The signaling molecule hydrogen sulfide (H2S) plays a critical role in antibiotic tolerance, the innate ability of bacteria to survive normally lethal levels of antibiotics, a new study finds.
Published online in the journal Science on June 11, the study revolves around tolerance, wherein bacteria in general have evolved to use common defense systems to resist antibiotics. Tolerance differs from antibiotic resistance, where one species happens to acquire a genetic change that helps them resist treatment.
In one defense mechanism, tolerant bacteria, also called "persisters," stop multiplying (proliferating), reducing their energy use (metabolism) to survive antibiotic treatment, but resuming growth when the treatment ends. Persisters are particularly abundant in biofilms, bacterial colonies that live in tough polymeric matrices which further prevent their eradication.
"The combined trends toward resistant infections and fewer new antimicrobials are projected to kill 10 million people annually by the year 2050," says corresponding study author Evgeny Nudler, Ph.D., the Julie Wilson Anderson Professor of Biochemistry at NYU Langone Health, and an investigator with the Howard Hughes Medical Institute. "New approaches are urgently needed to prevent this, and our study suggests that suppressing bacterial H2S would make different antibiotics more potent."

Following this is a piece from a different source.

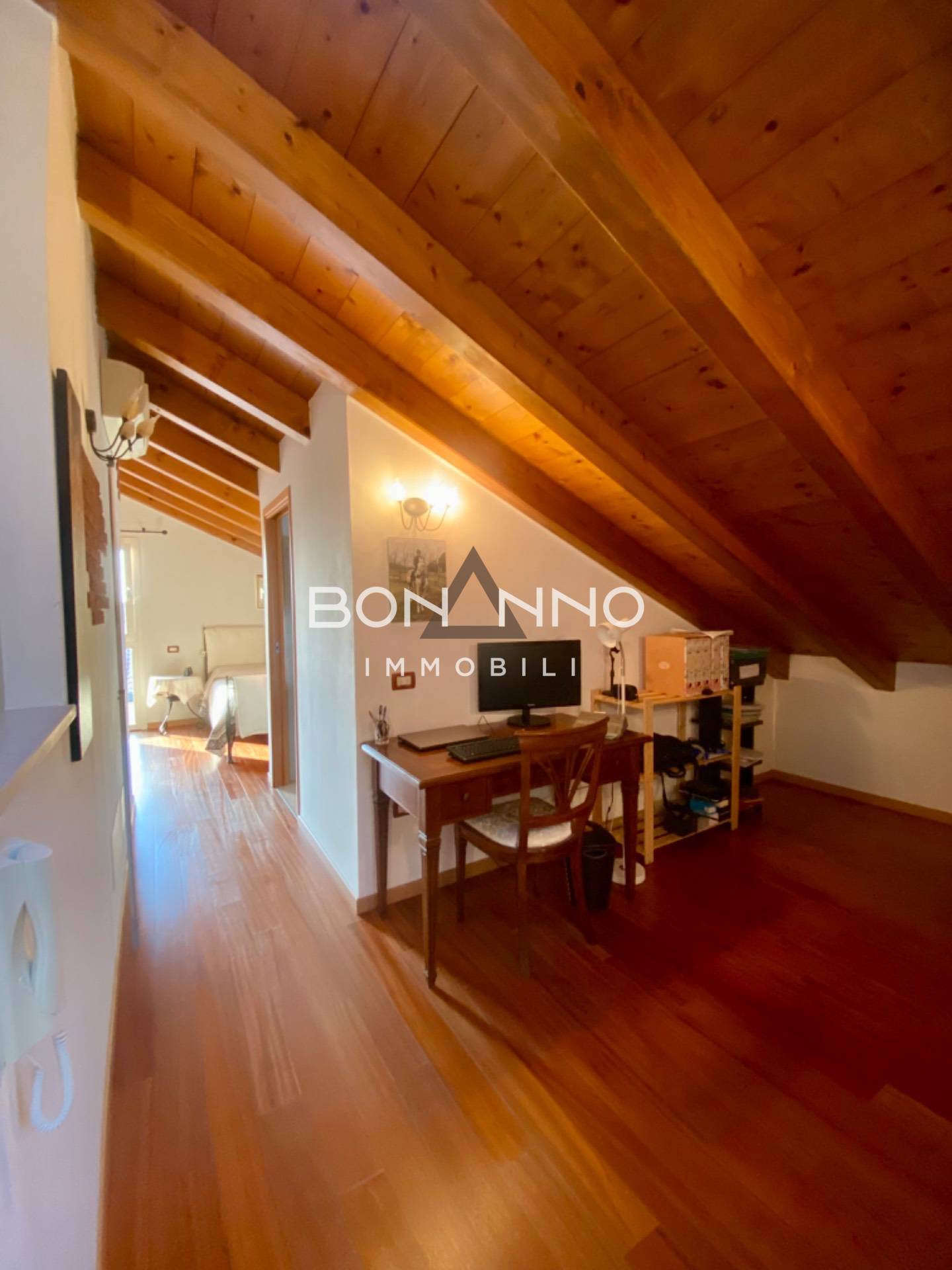Al Secondo piano veniamo accolti da uno studio/ sala svago, il bagno con poggiolo riservato ed infine un elegante camera matrimoniale e una cabina armadio( Parquet e travature in legno a vista).

In their prior work, the NYU Langone research team showed that H2S production is deployed against antibiotics by a wide variety of bacterial species, including two increasingly antibiotic-resistant pathogens prevalent in hospital-borne infections: Staphylococcus aureus and Pseudomonas aeruginosa. S. aureus is gram-positive, while Pseudomonas aeruginosa is gram-negative, with the differing organizations of their outer layers demonstrating that H2S production protects pathogens across the bacterial kingdom.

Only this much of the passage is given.